The Bishop
Cipher
- Joined
- Oct 18, 2012
- Messages
- 360
One other point about DA:O writing that is often overlooked and underappreciated is that it's functional. Videogame writing is supposed to underpin gameplay. It's supposed to give you reasons to care about going into this dungeon or looking for this item other than "I need to trigger the quest node" or "I need to farm xp/gold/materials". At no point in DA:O you feel like you just pushing forward for the sake of doing it. There is always a convincing reason why your character should care about whatever it is you're doing right now, how this thing resulted from that other thing before it. The writing isn't super deep, super original, or super groundbreaking. But it works. It ties in all the strands of gameplay into a thing that can be reasonably construed as adventure.DA:O was the last great Bioware game and it's setting and writing were good for a videogame. It's one of the last games and RPGs which were progressive and not woke. Even if it has some subtle hints of what became woke later. It has an isometric view and a party of 4 with a silent protagonist. I don't hate voice-acting and cutscenes provided they're good and DA:O voice-acting was great. MMO combat could've been implemented better and improved upon but alas. An amount of the DA:O trash combat is the biggest thing which hurts replayability.

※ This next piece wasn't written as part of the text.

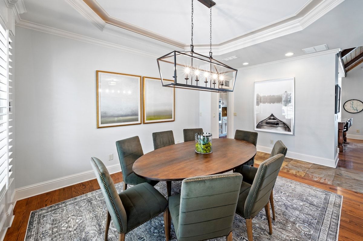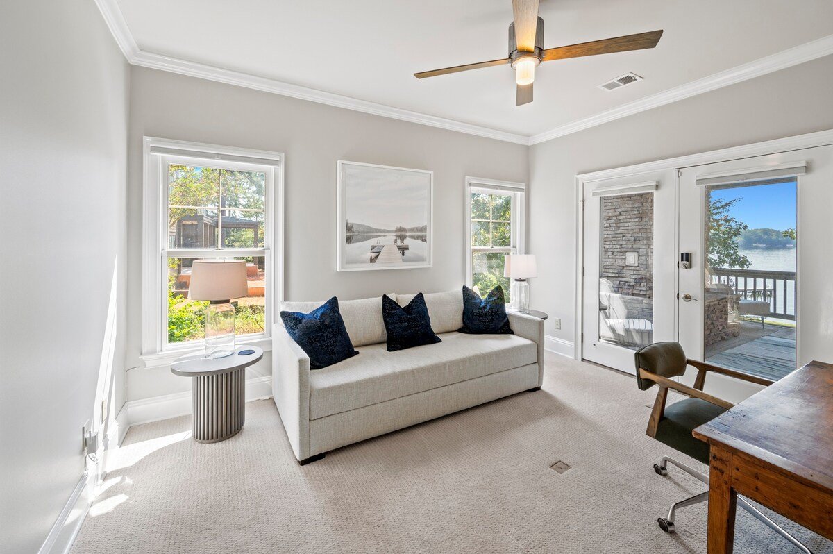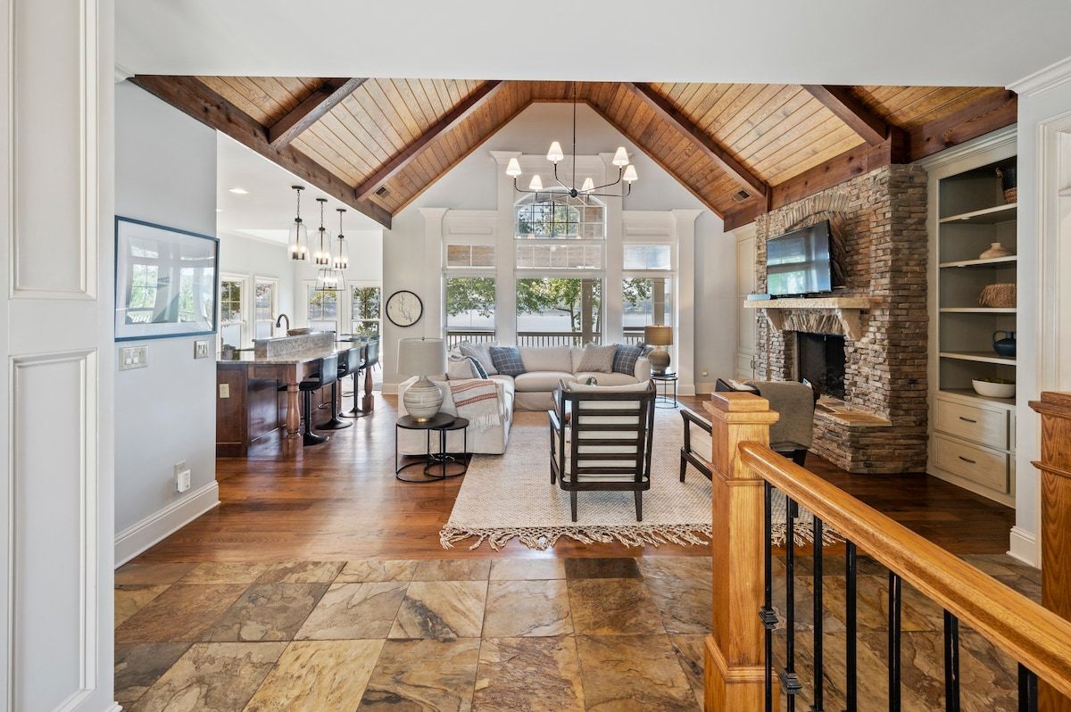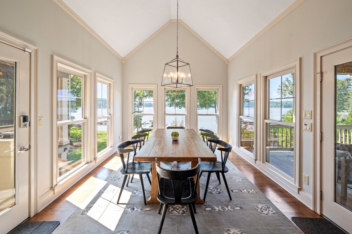 Bring your family (or two) & Escape To Wildwood for a fantastic lake vacation. The home features picturesque views of the lake from every room of the home! The gourmet kitchen and open living space(s) are perfect for relaxing, laughing and/or just making memories together.The outdoor lakeside living areas include a large deck, a terrace level patio and a screened in porch with a fireplace. There is a beautiful stone firepit & grilling station lakeside. Dock your boat at the max dock

Bioware wasn't that good with a videogame plot except BG2. Their strength was always great and larger-than-life characters and DA:O has them in abundance. For example, the Cousland massacre is a ripoff of the ASOIAF Red Wedding and as others already mentioned Gaider and others were obviously inspired by ASOIAF. Gaider and other DA:O writers were last RPG writers who read the literature and fantasy unlike modern narrative designers who only watch the movies and TV shows.
DA:O sure has some pozzed moments like a sob story of Avelline - the first female knight who was killed by evil patriarchy but you could always roleplay an authentic medieval aristocrat not caring about peasants with Human and Dwarf Noble origins. Leliana and Zevran are bisexual and romanceable but Leliana is feminine and is straight for all intents and purposes unless you court her as a woman and her lesbian tryst with her mentor is only hinted at.
Vault Dweller in his Codex review liked C&C and reactivity in DA:O with an example of a Redcliffe quest with so many permutations and reactivity.
This is in stark contrast with pretty much everything Bioware put out since. And it's not just Bioware. For some reason stories that work in most basic sense have become very rare beasts in videogames. As a player you know that you're completing quests and consuming content, and the game doesn't try to convince you otherwise.